Shares of New York Community Banks in the United States Plummet, and the clouds of regional banks ha

Mondo International Updated on 2024-02-02

New York Community Bank shares traded nearly 38% on Jan. 31. After the U.S. banking crisis erupted last year, the New York Community Bank acquired some of the assets and liabilities of Signature Bank.

Before the New York Community Bank's stock price plummeted on the day, its latest financial report showed a loss in the fourth quarter of 2023, cutting shareholder dividends to replenish capital.

According to the financial report, the New York Community Bank lost 2$5.2 billion.
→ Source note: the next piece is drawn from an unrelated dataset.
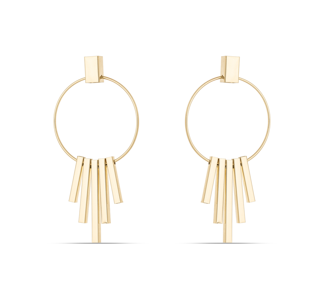 Design: Argola maxi com pendentes em bastões geométricos e base fixa retangular.

The bank made a profit of 1$7.2 billion.

New York Community Bank shares closed at 6.5 per share on January 31**$47, a record low.

New York Community Bank.

Thomas Kanjamie, CEO of New York Community Bank, said that after acquiring some of Signature Bank's assets and liabilities, New York Community Bank has been adjusting to regulatory requirements for large banks. Upon completion of the acquisition, the bank's total assets will exceed the regulatory threshold of US$100 billion, subject to stricter capital and liquidity requirements.

"We have taken decisive action to replenish our capital, strengthen our balance sheet and strengthen our risk management procedures to better align ourselves with other banks of comparable size," Kanjemi said. ”

The New York Community Bank announced in March last year that it had acquired about $38 billion in Signature Bank's assets through its subsidiary Flagstar Bank, including about $25 billion in cash and about $13 billion in loans. It also assumed approximately $36 billion of Signature Bank liabilities, including approximately $34 billion in deposits and approximately $2 billion in other liabilities. At the end of 2022, Signature Bank's total deposits and total assets were $88.6 billion and $110.4 billion, respectively.

Wall Street** reported that the "thunderstorm" performance of community banks in New York reminded some investors of the U.S. banking crisis that occurred in early 2023. Silicon Valley Bank and First Republic Bank both closed their doors within weeks, triggering a crisis of trust among depositors and investors in regional banks.

The SPDR S&P Regional Banks Exchange** (ETF) and the KBW Nasdaq Regional Banks Index averaged about 6% on Jan. 31. The US 10-year Treasury yield retreated to its lowest level in weeks.